For model training, the first 1100 pieces of data from the preprocessed dataset were chosen, while the final 221 pieces of data from the preprocessed dataset were utilized for testing. The normalized data is supplied into the fusion model suggested in this research, which is described in detail below. The observed and expected values for the first 49 sets of data are depicted in Figures 6 and 7, which show the observed and anticipated values for the first 49 sets of data. It can be seen that the model suggested in this research has a decent fitting effect on the observed data.

We also put the fusion algorithm through its paces to see how well it performs. Figure 8 depicts the results of the comparison between BPNN and the genetic algorithm (GEN), respectively. It can be shown that the algorithm presented in this study outperforms the other two algorithms by a large margin. This shows the effectiveness and reliability of the proposed model.
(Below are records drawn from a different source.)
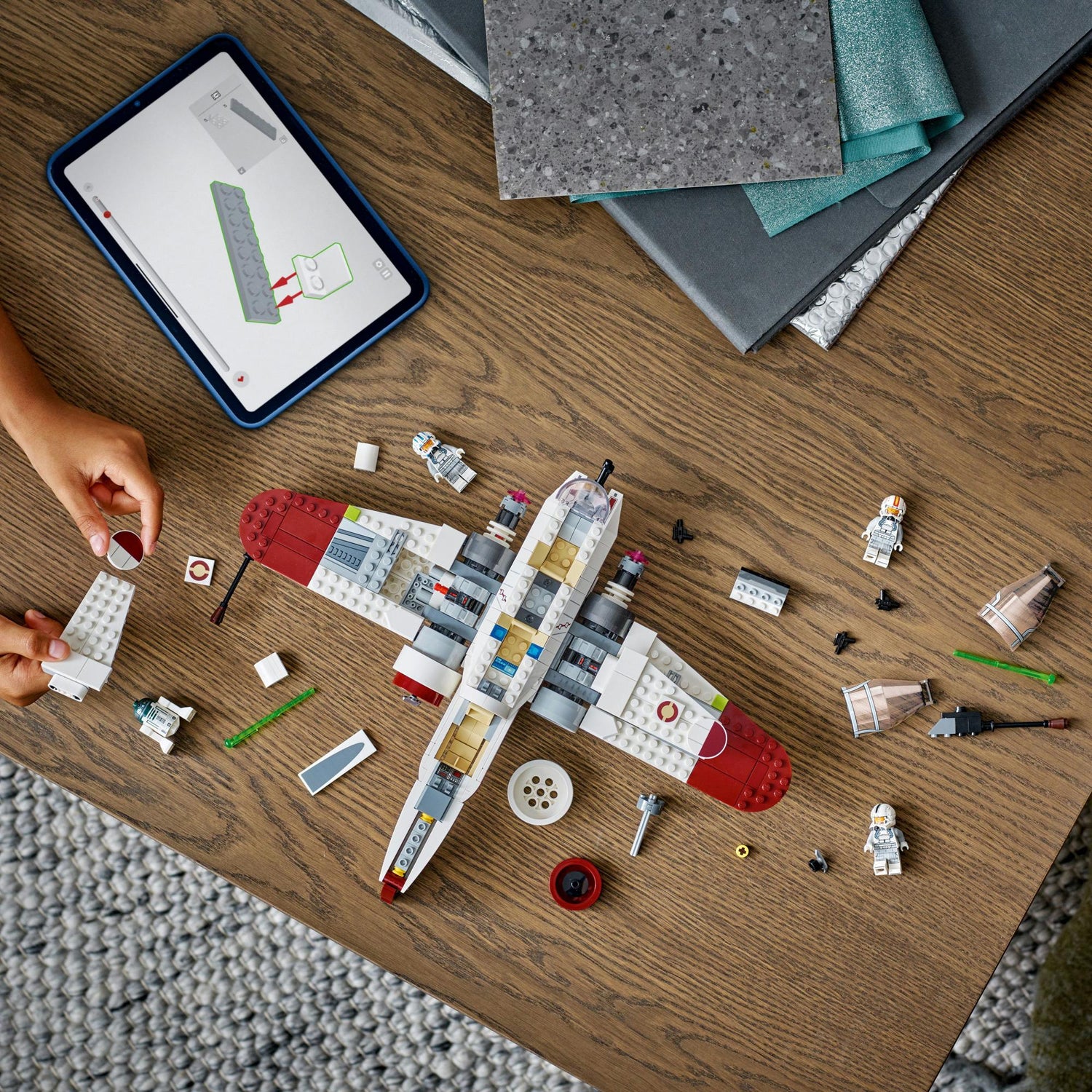 Gør børns kreative oplevelse endnu bedre med LEGO Builder appen, hvor de kan zoome ind på og dreje en digital 3D-version af Star Wars stjernejageren, mens de bygger.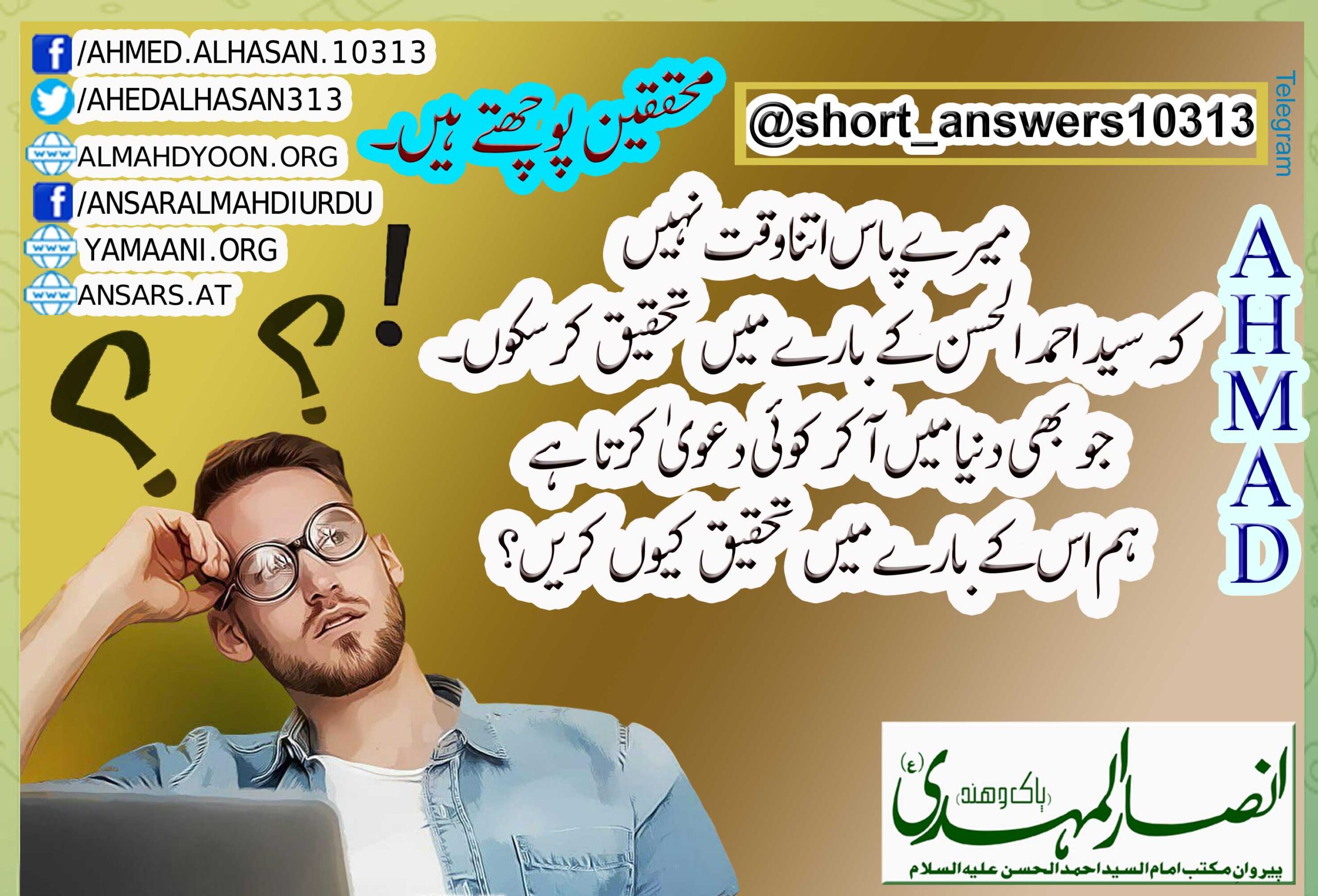 2- میرے پاس اتنا وقت نہیں کہ سید احمد الحسن کے بارے میں تحقیق کر سکوں۔ جو بھی دنیا میں آکر کوئی دعویٰ کرتا ہے ہم اس کے بارے میں تحقیق کیوں کریں؟
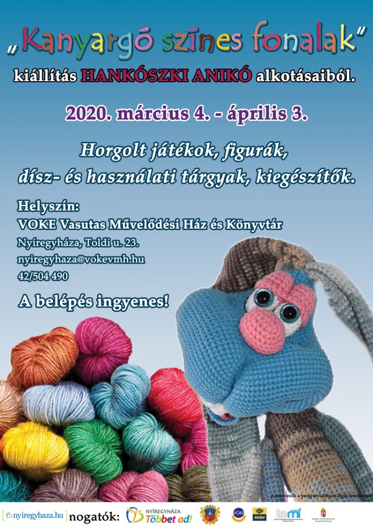 Március 4. és április 3. között Kanyargó színes fonalak címmel kiállításnak ad helyet a VOKE Vasutas Művelődési Ház és Könyvtár.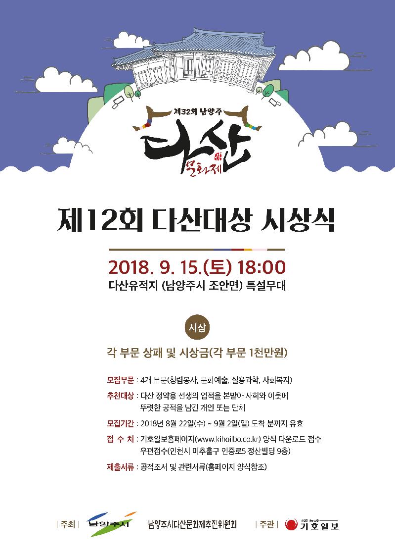 접수는 오는 9월 2일까지 이메일 및 우편을 통해 접수 가능하며, 신청양식은 다산문화제 홈페이지 공지사항에서 받으면 된다.
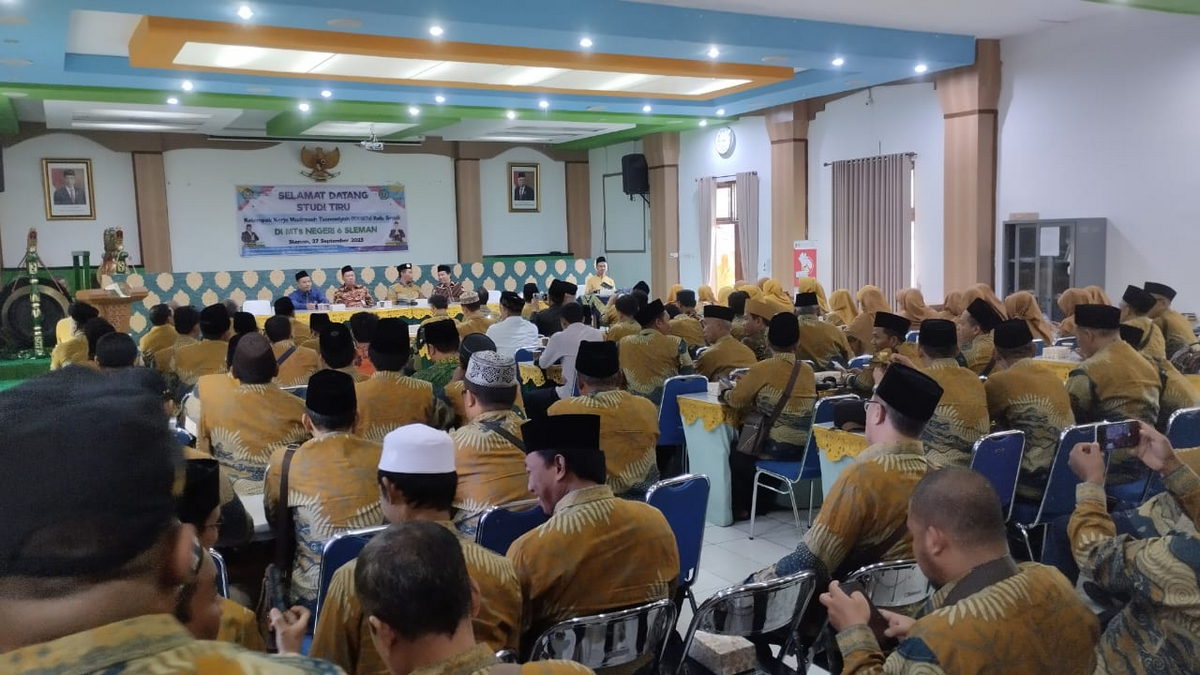Sleman (MTsN 6 Sleman)–Sejumlah 126 Tamu Rombongan dari Unsur Kepala Madrasah dan Guru berkunjung di MTsN 6 Sleman. Kunjungan ini merupakan Tindak Lanjut dari hasil studi tiru Kepala Kantor Kemenag Kabupaten Gresik beberapa bulan yang lalu. Kunjungan dimaksudkan untuk melakukan studi tiru program yang ada di MTsN 6 Sleman berlangsung pada hari Jumat (29/9/2023) di Ruang AVA MAN 3 Sleman. Hadir pada acara penyambutan Analis SDM Aparatur Ahli Muda pada Seksi Tenaga Kependidikan Bidang Pendidikan Madrasah Kanwil Kemenag DIY H. Jauhar Mukhlis Sulistyanto, S.Ag., M.Pd.I.mewakili Kabid Pendidikan Madrasah Kanwil Kemenag DIY, Kepala MAN 3 Sleman, Ketua Komite MTsN 6 Sleman Qomarizaman dan seluruh perangkat MTsN 6 Sleman.

In brief, the algorithm described in this work not only increases students’ learning ability but also improves the model’s general ability and calculating accuracy while reducing mistakes. The former combines the BPNN algorithm’s and the genetic algorithm’s great performance, whereas the latter introduces the crossing rate and mutation rate on this premise so that the optimized method may be better applied to the real-world situation.

5. Conclusions

In the current age of mobile fragmentation, students’ learning is no longer limited to formal classroom learning. As an important new method, the study of mobile fragmentation will have different effects on traditional college English learning. Although fragmented learning makes it easier for college students to study, it also has several disadvantages, including fragmented knowledge being scattered and no structure being developed. Based on these issues, this research work examined the evaluation system for the fragmented learning effect. In addition, the fusion algorithm of the genetic algorithm and the BPNN is investigated in this study. For model training, this paper has chosen 1100 pieces of data from the preprocessed dataset, among which 221 pieces of data from the preprocessed dataset were utilized for testing. The experiments demonstrate that the fused model has superior evaluation capacity in the evaluation of learning effects and that it can accurately anticipate students’ learning effect scores when evaluating learning effects.

Data Availability

The data used to support the findings of this study are available from the corresponding author upon request.

Conflicts of Interest

The author declares that he has no conflict of interest.